Records for this task Start Marker

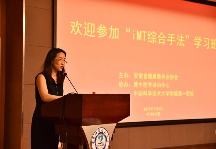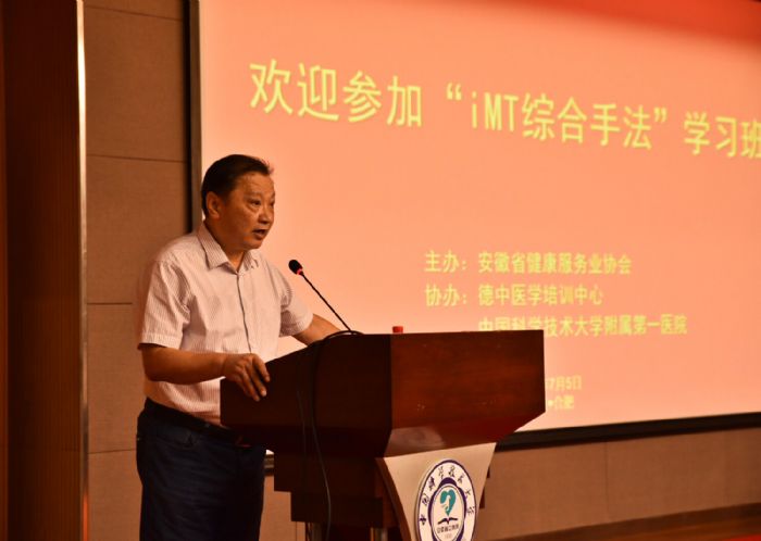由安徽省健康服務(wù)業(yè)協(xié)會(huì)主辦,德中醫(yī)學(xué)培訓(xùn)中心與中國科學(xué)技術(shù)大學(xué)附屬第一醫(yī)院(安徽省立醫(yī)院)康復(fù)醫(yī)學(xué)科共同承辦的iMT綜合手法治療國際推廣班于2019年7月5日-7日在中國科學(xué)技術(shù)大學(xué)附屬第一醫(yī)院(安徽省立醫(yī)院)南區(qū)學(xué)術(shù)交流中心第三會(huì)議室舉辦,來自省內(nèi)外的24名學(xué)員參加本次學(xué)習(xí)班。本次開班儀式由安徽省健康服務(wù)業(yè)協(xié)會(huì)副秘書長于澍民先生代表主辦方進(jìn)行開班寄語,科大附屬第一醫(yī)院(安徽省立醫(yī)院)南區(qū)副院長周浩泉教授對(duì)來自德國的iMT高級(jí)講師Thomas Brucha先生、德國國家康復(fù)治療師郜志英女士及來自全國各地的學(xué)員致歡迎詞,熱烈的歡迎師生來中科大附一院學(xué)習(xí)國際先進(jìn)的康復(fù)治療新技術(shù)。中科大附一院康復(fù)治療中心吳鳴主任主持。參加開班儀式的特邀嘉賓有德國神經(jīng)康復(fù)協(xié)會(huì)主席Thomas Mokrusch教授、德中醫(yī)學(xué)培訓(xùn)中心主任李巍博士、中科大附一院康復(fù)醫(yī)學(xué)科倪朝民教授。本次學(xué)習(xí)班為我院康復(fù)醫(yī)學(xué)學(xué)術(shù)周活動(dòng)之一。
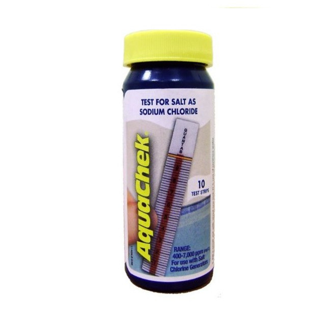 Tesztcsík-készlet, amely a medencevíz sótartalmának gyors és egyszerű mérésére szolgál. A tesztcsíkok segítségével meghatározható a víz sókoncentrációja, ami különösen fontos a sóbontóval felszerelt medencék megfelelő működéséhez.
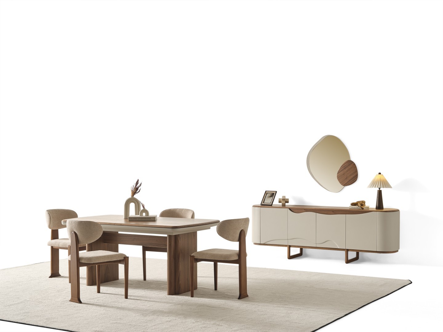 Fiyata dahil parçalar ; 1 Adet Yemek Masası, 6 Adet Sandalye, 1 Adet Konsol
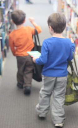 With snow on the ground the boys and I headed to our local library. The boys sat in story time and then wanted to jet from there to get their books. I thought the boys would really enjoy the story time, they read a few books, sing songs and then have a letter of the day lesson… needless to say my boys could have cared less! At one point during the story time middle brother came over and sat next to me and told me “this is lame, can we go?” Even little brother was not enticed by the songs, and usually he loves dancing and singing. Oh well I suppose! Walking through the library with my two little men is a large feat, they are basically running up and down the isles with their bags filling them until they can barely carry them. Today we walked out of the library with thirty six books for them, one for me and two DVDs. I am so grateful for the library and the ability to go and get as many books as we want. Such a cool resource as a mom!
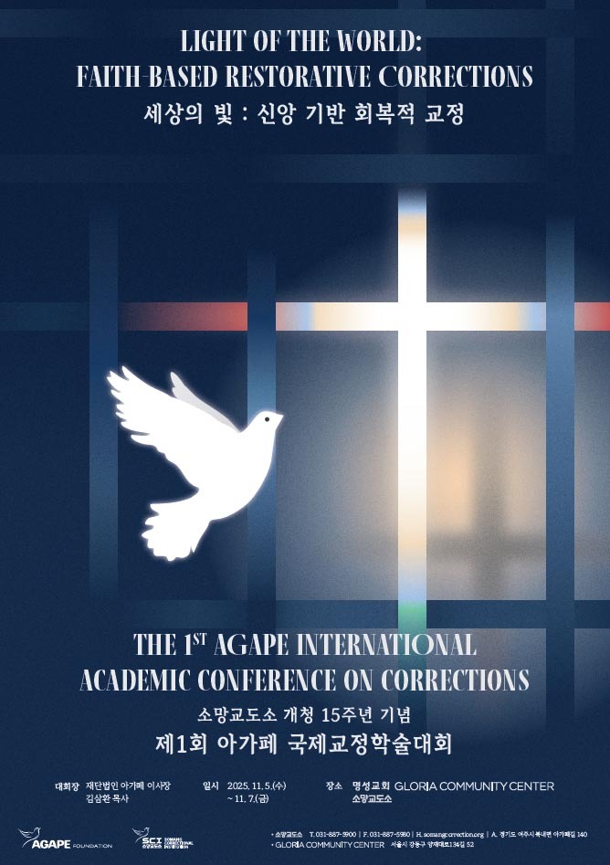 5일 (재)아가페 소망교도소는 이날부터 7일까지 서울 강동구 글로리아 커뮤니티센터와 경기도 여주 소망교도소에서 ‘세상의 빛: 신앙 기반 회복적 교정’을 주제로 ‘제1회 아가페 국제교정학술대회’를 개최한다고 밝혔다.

Records for this task End Marker

* _What the task asks_
Please restate each entry exactly, but drop any picture it holds.

* _Solution to the problem_
由安徽省健康服務(wù)業(yè)協(xié)會(huì)主辦,德中醫(yī)學(xué)培訓(xùn)中心與中國科學(xué)技術(shù)大學(xué)附屬第一醫(yī)院(安徽省立醫(yī)院)康復(fù)醫(yī)學(xué)科共同承辦的iMT綜合手法治療國際推廣班于2019年7月5日-7日在中國科學(xué)技術(shù)大學(xué)附屬第一醫(yī)院(安徽省立醫(yī)院)南區(qū)學(xué)術(shù)交流中心第三會(huì)議室舉辦,來自省內(nèi)外的24名學(xué)員參加本次學(xué)習(xí)班。本次開班儀式由安徽省健康服務(wù)業(yè)協(xié)會(huì)副秘書長于澍民先生代表主辦方進(jìn)行開班寄語,科大附屬第一醫(yī)院(安徽省立醫(yī)院)南區(qū)副院長周浩泉教授對(duì)來自德國的iMT高級(jí)講師Thomas Brucha先生、德國國家康復(fù)治療師郜志英女士及來自全國各地的學(xué)員致歡迎詞,熱烈的歡迎師生來中科大附一院學(xué)習(xí)國際先進(jìn)的康復(fù)治療新技術(shù)。中科大附一院康復(fù)治療中心吳鳴主任主持。參加開班儀式的特邀嘉賓有德國神經(jīng)康復(fù)協(xié)會(huì)主席Thomas Mokrusch教授、德中醫(yī)學(xué)培訓(xùn)中心主任李巍博士、中科大附一院康復(fù)醫(yī)學(xué)科倪朝民教授。本次學(xué)習(xí)班為我院康復(fù)醫(yī)學(xué)學(xué)術(shù)周活動(dòng)之一。
 Tesztcsík-készlet, amely a medencevíz sótartalmának gyors és egyszerű mérésére szolgál. A tesztcsíkok segítségével meghatározható a víz sókoncentrációja, ami különösen fontos a sóbontóval felszerelt medencék megfelelő működéséhez.
 Fiyata dahil parçalar ; 1 Adet Yemek Masası, 6 Adet Sandalye, 1 Adet Konsol
 With snow on the ground the boys and I headed to our local library. The boys sat in story time and then wanted to jet from there to get their books. I thought the boys would really enjoy the story time, they read a few books, sing songs and then have a letter of the day lesson… needless to say my boys could have cared less! At one point during the story time middle brother came over and sat next to me and told me “this is lame, can we go?” Even little brother was not enticed by the songs, and usually he loves dancing and singing. Oh well I suppose! Walking through the library with my two little men is a large feat, they are basically running up and down the isles with their bags filling them until they can barely carry them. Today we walked out of the library with thirty six books for them, one for me and two DVDs. I am so grateful for the library and the ability to go and get as many books as we want. Such a cool resource as a mom!
 5일 (재)아가페 소망교도소는 이날부터 7일까지 서울 강동구 글로리아 커뮤니티센터와 경기도 여주 소망교도소에서 ‘세상의 빛: 신앙 기반 회복적 교정’을 주제로 ‘제1회 아가페 국제교정학술대회’를 개최한다고 밝혔다.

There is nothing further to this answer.